Richard Mitchell
I've just discovered -- and heartily recommend -- the scathingly witty works of Richard Mitchell, also known as the Underground Grammarian. (That first link has pretty much all his writings available for free). In the words of Time magazine, Mitchell "makes H.L. Mencken sound like a waffler." He wrote a newsletter and several books that took square aim at facile and unclear language -- and hence at facile and unclear thinking. Here's a typical example from an interview:
I can give a very convenient example of that because it was terribly striking to me at the time. This was already many years ago, and I was working on a commentary on a piece by some very silly boob, a professor of some kind of education. . . and he had written the following sentence: "The childhood years may be perceived as formulative."
Now I suppose he meant "formative," unless he was thinking of babies, you know, sucking on formula; I don't know, but probably he meant formative and that may even have been a typo, and it's not important, so I'm willing to concede him formative. Now he says then, "The childhood years may be perceived as being formative." Now, one would not think that there is a grammatical problem here, and unless one is paying a certain kind of attention to it, you go right by, but I was for some reason trapped by that modal auxiliary "may."

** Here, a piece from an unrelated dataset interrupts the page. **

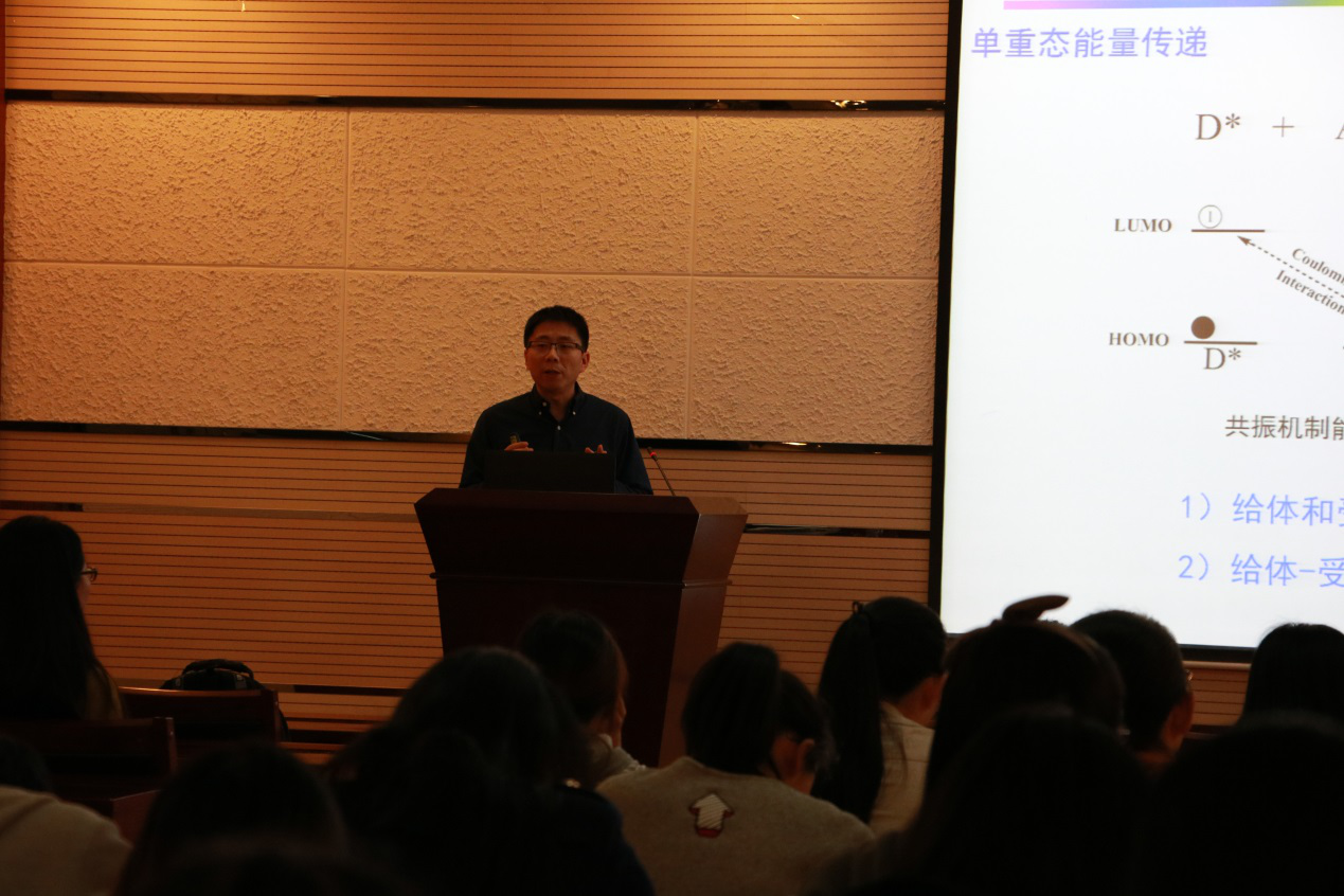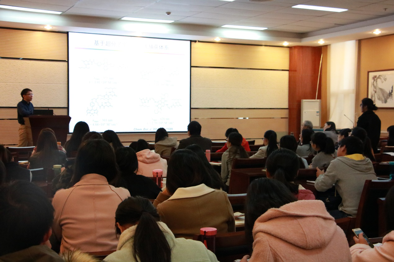 超分子构筑的胶束和纳米晶的研究工作进行了详细解读。他讲到,其课题组利用超分子组装,构筑了几个具有高效光捕获性能的新型光捕获体系,并且制备方法简单,给体受体比例易于调控,避免了繁琐的合成和分离过程,为研究光捕获机制及在多个领域的潜在应用提供了基础。他在总结中指出,基于有机纳米晶的光捕获体系,纳米晶整齐有序的排列大大的提高了捕获效率。此外,能量给体与受体的种类可以方便的进行改变,并且二者之间的比例容易调节,为深入研究光捕获体系中的能量传递过程提供了新思路。报告结束后,杨清正教授与房喻老师展开了精彩的讨论并耐心解答了师生们的提问,赢得一片掌声。

In the first place, what is the man saying, that we are formed in early childhood in some way? Well, that is not exactly a revolutionary notion. That, as a matter of fact, is a little bit too obvious to bother saying. Now that being so, having said such a banal and obvious thing, why does the man take great pains to say it as though he really hadn't said it?
Notice he doesn't say the childhood years are formative--they may, but it isn't even that they may be formative--they "may be perceived as being." He moves this perception away from himself.

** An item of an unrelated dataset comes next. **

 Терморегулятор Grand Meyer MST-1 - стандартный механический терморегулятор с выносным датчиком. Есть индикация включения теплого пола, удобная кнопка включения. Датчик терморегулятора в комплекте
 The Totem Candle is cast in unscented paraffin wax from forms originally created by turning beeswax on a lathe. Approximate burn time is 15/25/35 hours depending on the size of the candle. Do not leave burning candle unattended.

It's almost as though he fears that later on someone will discover that they're not, and he can then say, Well, I didn't say they were, I said "they may be perceived as being formative." There is in this . . ., well, there is nothing else to call it -- mendacity.

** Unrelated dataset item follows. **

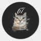 Pegatina Redonda 67 Meme Cat Howling At Moon Brainrot Funny 6 7

Yes, this is a way of lying, and this is a way of doing another thing that seems to me very important in all considerations of literacy. This is another way of shrugging off responsibility.
When you and I speak to one another, of course, we take some responsibility, but when we write to one another, especially when we write in general to our fellows, we take on a tremendous responsibility, and if I write an article that I expect you to read, in effect I say, "Now just a minute, you sit down, don't do anything except listen to me; I am going to tell you something."
This is audacious; nevertheless, we do it all the time, and we must never forget its audacity because when I do ask that of you, I also now owe you something. I owe you, first of all, the best truth that I can tell you; I owe you also the courage out of which to tell it.
I do not really serve you properly when I give you mealy-mouthed mendacity, and when I myself try to evade responsibility even for the mildest of generalizations. It seems to me here there was an inescapable moral quality.